Post by Andreas Kloeckner
Hi Craig,

Post by Craig Stringham
I keep crashing a server (kernel panic) when using pycuda within

ipython.

Post by Craig Stringham
It doesn't seem to matter what kernel I run and it only crashes several
minutes after I have run a kernel but have kept the ipython shell open.

Post by Craig Stringham
am using the latest git version of pycuda with the latest release of

CUDA

Post by Craig Stringham
(6.5) on a K40m. Below is the last portion of the crash dmesg.
Have any of you had a similar issue? I will try putting the GPU in
persistent mode since it appears it is falling off the bus... maybe that
will fix it.

I've never seen such a thing, and I'm not even sure what PyCUDA could do
to cause a hard crash a machine like that.
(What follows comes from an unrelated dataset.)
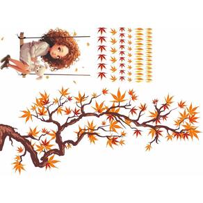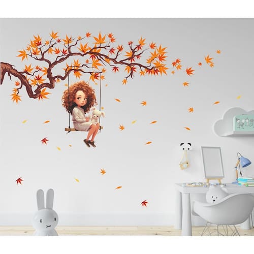 Adesivo de Parede Menina no Balanço e Folhagens de Outono Adesivo de Parede Menina no Balanço e Folhagens de Outono

It sounds like either a
driver or hardware bug to me. If there's something that PyCUDA can
do to avoid the hard crash, I'd be more than happy to do that--but I'm
not even sure what that would be...
One possible issue is threads. PyCUDA (CUDA generally, really) isn't
very good around them--but that should only be an issue if multiple
threads touch the GPU.
As a simple test, can you may write a script that does some PyCUDA
computations and then sits in a raw_input()? That's somehow the closest
analog to IPython I can think of.
Anyhow, these are just some suggestions. Hope some of this is helpful.
Andreas